Danny Peary, We Played the Game. NY: Tess, 1994.
John Carmichael, My Greatest Day in Baseball. Lincoln: U.Nebraska, 1996.
Michael Fedo, One Shining Season. NY: Pharos, 1991.
Mike Bryan, Baseball Lives. NY: Pantheon, 1989.

Oral history is about collecting a record of events from the participants, about passing on the important stories, and about creating a shared tradition. Famous examples include Beowulf, The Iliad, and The Odyssey -- the “prehistoric” basis of Western literature. These titles don’t go back quite that far, but they are an important part of what creates baseball’s common memory.

The Glory of Their Times is one of my five most important baseball books (the entire list is below). Somehow it wasn’t baseball’s first collection of oral histories; that might have been Carmichael, originally published in 1945. Yet Ritter’s dedication to tracking down the stars of his youth and recording their stories -- largely transcribed as spoken -- struck a chord with the public. In sessions with twenty-two men, all of whom played between 1899, when Wahoo Sam Crawford’s big-league career began, and 1945, when Paul Waner’s ended, he captured stories spanning the game’s history, from before the American League existed through the replacement players of the Second World War. These are the memories of a life in the game, the great plays, players, games, and characters that make the sport so fascinating, as told by the players themselves. Even better, an audio edition is also available, collected from Ritter’s original reel-to-reel recordings, allowing us to actually hear Fred Snodgrass laugh while remembering Victory Faust.

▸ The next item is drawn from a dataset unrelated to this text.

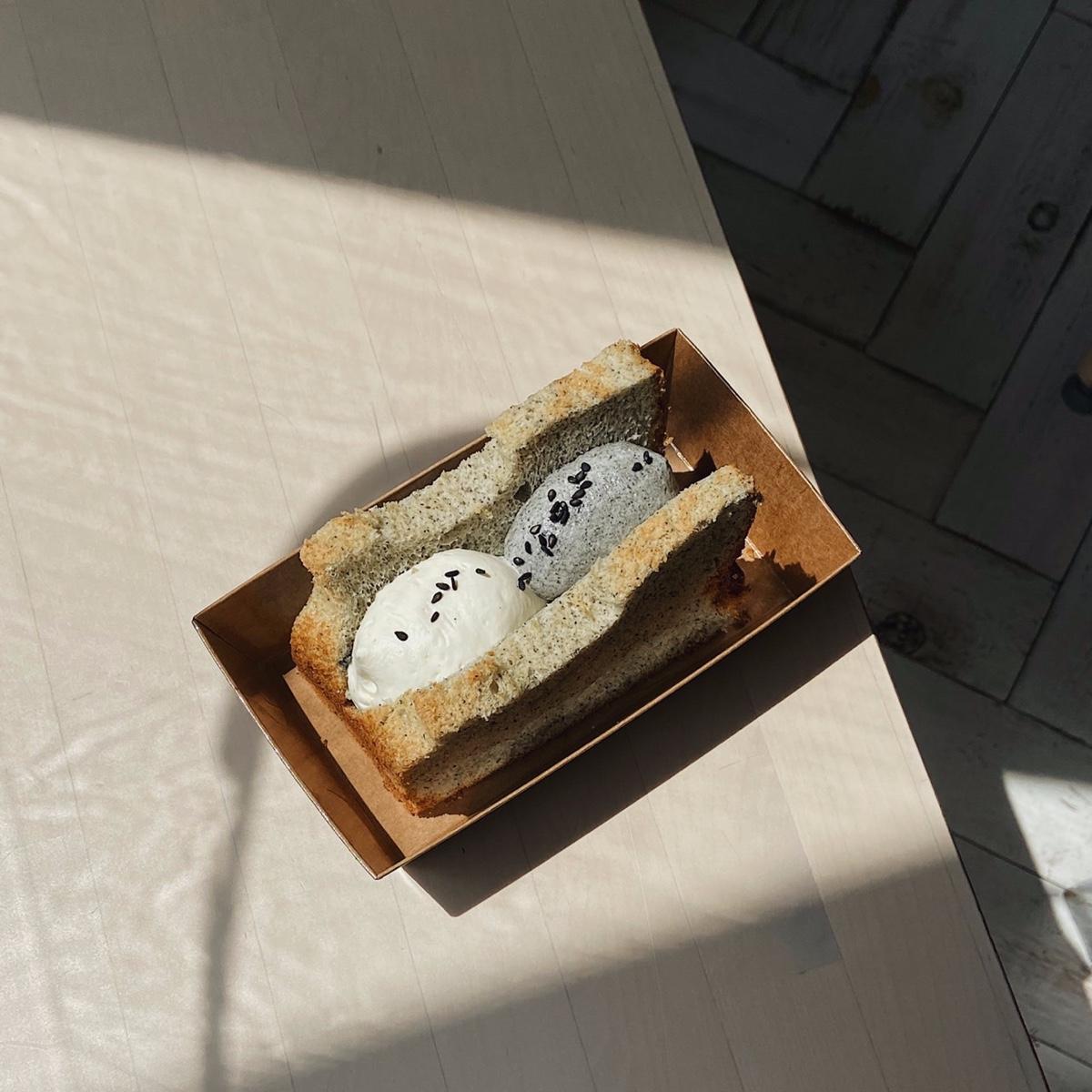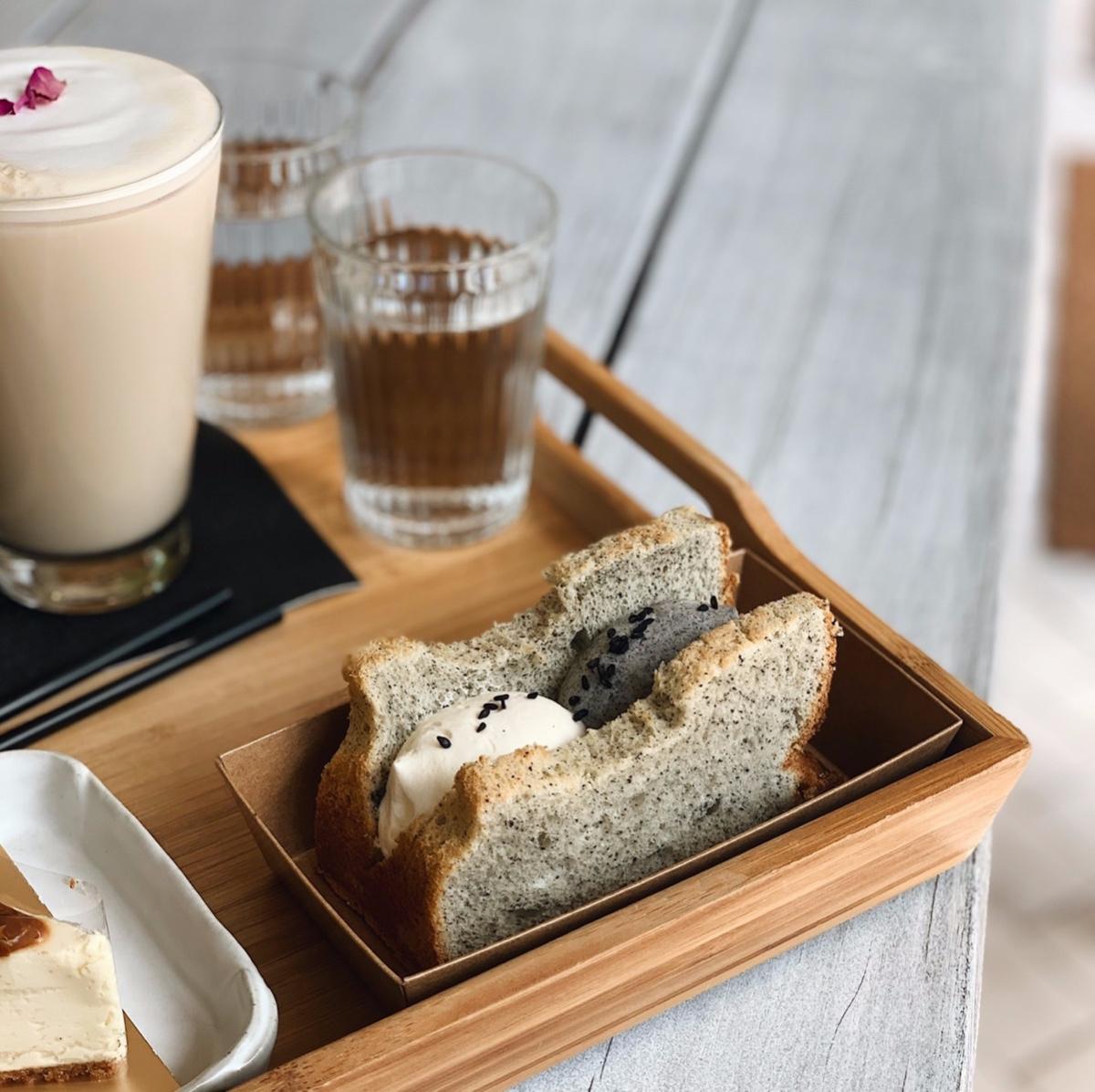 大愛!一百分的戚風蛋糕必點!這顆「桂花芝麻戚風蛋糕」,戚風蛋糕體揉入了濃濃芝麻香氣,蓬鬆的口感使得芝麻香氣在口中散開,搭配上微甜的桂花與芝麻輕奶油,整體口味相當清爽不膩,齒頰留香的印象更是讓人對它念念不忘。

We Played the Game picks up where Ritter left off, with sixty-five players from between 1947 and 1964. This was the period of racial integration and Westward expansion, featuring the Baby Boomers and their heroes: Brooks Robinson, Ralph Kiner, and Don Newcombe are among the stars Peary sought out for interviews.

The eleven men in One Shining Season, however, were not stars: each only had one season in the Major Leagues. Their stories are no less interesting for the short stays, though, and the men perhaps remember more vividly what they did see.

The speakers in Baseball Lives are even more obscure, providing the view from baseball’s back stage. Bryan talks to everyone from the owner to the bus driver; from pitching instructor to orthopedist; player agent, grounds crew, and bat factory employee. This book creates a deep and vibrant backdrop for the game by foregrounding the support that makes our on-field entertainment possible.

These books are My Greatest Day’s legacy. Published in 1945 by collecting columns from among the Chicago Daily News archives, it is full of Hall of Famers remembering their greatest exploits. This one has an “as told to” approach, so it is doubtless heavily edited, but Babe Ruth, Ty Cobb, Hans Wagner, Christy Mathewson, and Walter Johnson -- the entire first Hall of Fame class -- are among the forty-seven stars sharing stories here, describing some of the most famous moments from the game’s early history.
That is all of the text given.